Jeffrey A. Brill Mark Chorazak Adam J. Cohen Kenneth B. Schwartz

On September 17, 2024, the Federal Deposit Insurance Corporation (FDIC) and the Office of the Comptroller of the Currency (OCC) issued formal statements of policy on reviewing transactions under the Bank Merger Act (BMA). The FDIC policy statement (relevant to mergers where the surviving bank is a state-chartered nonmember bank) and the OCC policy statement (relevant to mergers where the surviving bank is a national bank) were released on the same day the Department of Justice (DOJ) announced its withdrawal from the 1995 Bank Merger Guidelines — guidelines that had been relied upon for nearly three decades to assess the competitive effects of bank merger transactions and that provided a safe harbor for transactions that did not exceed certain deposit-based market share concentration levels.
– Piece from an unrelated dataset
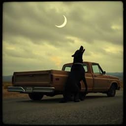 [Verse 1] Old black dog’s been runnin’ my trail, Howlin’ at my shadow, raisin’ hell, Four bald tires on this rusted rig, Smell of whiskey and a cigarette’s twig. [Prechorus] The road’s long, the night’s too wide, And I’ve got the devil ridin’ inside. [Chorus] Black dog barkin’, I can’t shake free, Growlin’ deep in the dark of me, Truck wheels hummin’, the moon won’t rest, Chasin’ my sins, got a weight on my chest. [Verse 2] She had eyes like fire, lips like wine, Tangled in her sheets, lost track of time, But love don’t linger when the sun comes up, Now it’s diesel and dust in a beat-up truck. [Bridge] Every mile’s a memory I can’t forget, Her touch still lingers, I’m payin’ the debt, The black dog laughs as the gears grind on, Another night falls, another love gone. [Chorus] Black dog barkin’, I can’t shake free, Growlin’ deep in the dark of me, Truck wheels hummin’, the moon won’t rest, Chasin’ my sins, got a weight on my chest.

The 2023 Merger Guidelines, which have been criticized as an overly aggressive and expansive approach to antitrust enforcement, are now the “sole and authoritative statement across all industries,” according to the DOJ. The DOJ has released commentary on how these guidelines will apply to bank merger transactions going forward.

These coordinated actions collectively represent a notable development in bank merger policy. However, they raise more questions than answers, not least of all because the Federal Reserve Board — the principal agency that approves mergers of bank holding companies — was not part of these actions.

Below are 10 takeaways from these developments. Other implications and reflections will emerge as these developments are understood more fully by the industry and grappled with in the context of proposed transactions.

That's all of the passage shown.